Hence, the final dataframe should have just two columns; 'Normalized Month' and associated mean of oil prod for that 'Normalized Month' value.
Here is the code:
mydf2 <- mydf %>% filter(`Normalized Month` > 0)
mydf2$`Normalized Month` <- factor(mydf2$`Normalized Month`)
levels(mydf2$`Normalized Month`)
GetAvg <- mydf2 %>%
group_by(mydf2$`Normalized Month`)%>%
arrange(mydf2, desc('Normalized Month'))%>%
dplyr::summarize(Mean = mean(mydf2$Oil_Prod, na.rm=TRUE))
Instead of getting mean for each Normalized Month, I am getting a single value of mean.

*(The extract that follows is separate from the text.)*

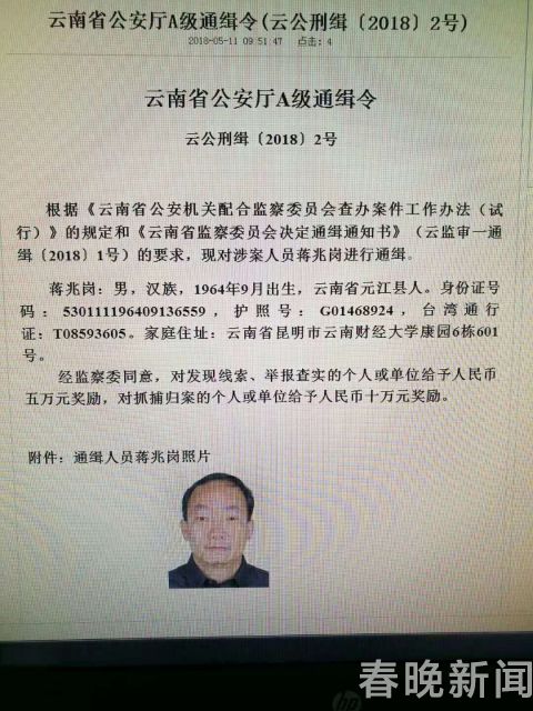 2018年5月11日,云南省公安廳發(fā)布A級通緝令,西南林業(yè)大學(xué)黨委副書記、校長蔣兆崗潛逃被通緝。

What I need is a dataframe with a below structure:
'Normalized Month' | 'Mean' |
1 value1
2 value2
3 value 3
dput
:
structure(list(Api_No14 = c("42227412150000", "42227412150000",
"42227412150000", "42227412150000", "42227412150000", "42227412040000",
"42227412040000", "42227412040000", "42227412040000", "42227412040000",
"42227412190000", "42227412190000", "42227412190000", "42227412190000",
"42227412190000", "42227412130000", "42227412130000", "42227412130000",
"42227412130000", "42227412130000"), Prod_Inj_Date = structure(c(1643587200,
1646006400, 1648684800, 1651276800, 1653955200, 1643587200, 1646006400,
1648684800, 1651276800, 1653955200, 1643587200, 1646006400, 1648684800,
1651276800, 1653955200, 1643587200, 1646006400, 1648684800, 1651276800,
1653955200), tzone = "UTC", class = c("POSIXct", "POSIXt")),
`Normalized Month` = structure(c(1L, 2L, 3L, 4L, 5L, 1L,
2L, 3L, 4L, 5L, 1L, 2L, 3L, 4L, 5L, 1L, 2L, 3L, 4L, 5L), .Label = c("1",
"2", "3", "4", "5"), class = "factor"), Oil_Prod = c(4612.588,
25118.511, 39470.742, 22936.157, 17928.723, 2997.715, 16893.884,
26115.048, 18989.759, 16545.852, 4624.317, 18241.738, 30150.569,
21997.824, 18308.631, 52.696, 9375.176, 26108.609, 16889.377,
14688.064), `CD Oil Rate` = c(148.793161290323, 897.089678571429,
1273.24974193548, 764.538566666667, 578.345903225807, 96.7004838709677,
603.353, 842.420903225806, 632.991966666667, 533.737161290323,
149.171516129032, 651.490642857143, 972.599, 733.2608, 590.601,
1.69987096774194, 334.827714285714, 842.213193548387, 562.979233333333,
473.808516129032)), row.names = c(NA, -20L), SBDFImportTypes = c(Api_No14 = "String",
Prod_Inj_Date = "DateTime", `Normalized Month` = "Integer", Oil_Prod = "Real",
`CD Oil Rate` = "Real"), class = "data.frame")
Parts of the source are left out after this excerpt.